■ **Input records**:
*** Block opens ***

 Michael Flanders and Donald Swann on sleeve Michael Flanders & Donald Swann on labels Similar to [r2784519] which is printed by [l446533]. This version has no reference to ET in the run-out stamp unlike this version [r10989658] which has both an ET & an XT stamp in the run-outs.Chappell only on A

*** Block closes ***
*** Block opens ***

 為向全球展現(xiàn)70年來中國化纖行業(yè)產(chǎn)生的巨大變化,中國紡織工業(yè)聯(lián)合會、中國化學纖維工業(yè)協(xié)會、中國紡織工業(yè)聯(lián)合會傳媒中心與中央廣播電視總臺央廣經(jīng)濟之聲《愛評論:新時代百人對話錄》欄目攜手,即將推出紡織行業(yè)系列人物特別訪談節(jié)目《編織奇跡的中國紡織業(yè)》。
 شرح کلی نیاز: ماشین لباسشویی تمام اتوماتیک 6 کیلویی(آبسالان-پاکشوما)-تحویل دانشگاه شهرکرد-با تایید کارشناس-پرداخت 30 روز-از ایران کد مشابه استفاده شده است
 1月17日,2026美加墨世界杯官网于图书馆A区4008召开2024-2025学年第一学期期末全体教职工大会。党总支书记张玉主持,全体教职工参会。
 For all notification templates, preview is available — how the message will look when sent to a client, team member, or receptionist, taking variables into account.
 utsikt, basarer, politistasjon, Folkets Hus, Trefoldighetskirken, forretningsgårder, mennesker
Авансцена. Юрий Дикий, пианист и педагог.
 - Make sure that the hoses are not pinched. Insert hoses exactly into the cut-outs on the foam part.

*** Block closes ***

■ **Exercise requirements**:
If a line of the entries holds the word "into", copy it out.

■ **Response for this exercise**:
 For all notification templates, preview is available — how the message will look when sent to a client, team member, or receptionist, taking variables into account.
 - Make sure that the hoses are not pinched. Insert hoses exactly into the cut-outs on the foam part.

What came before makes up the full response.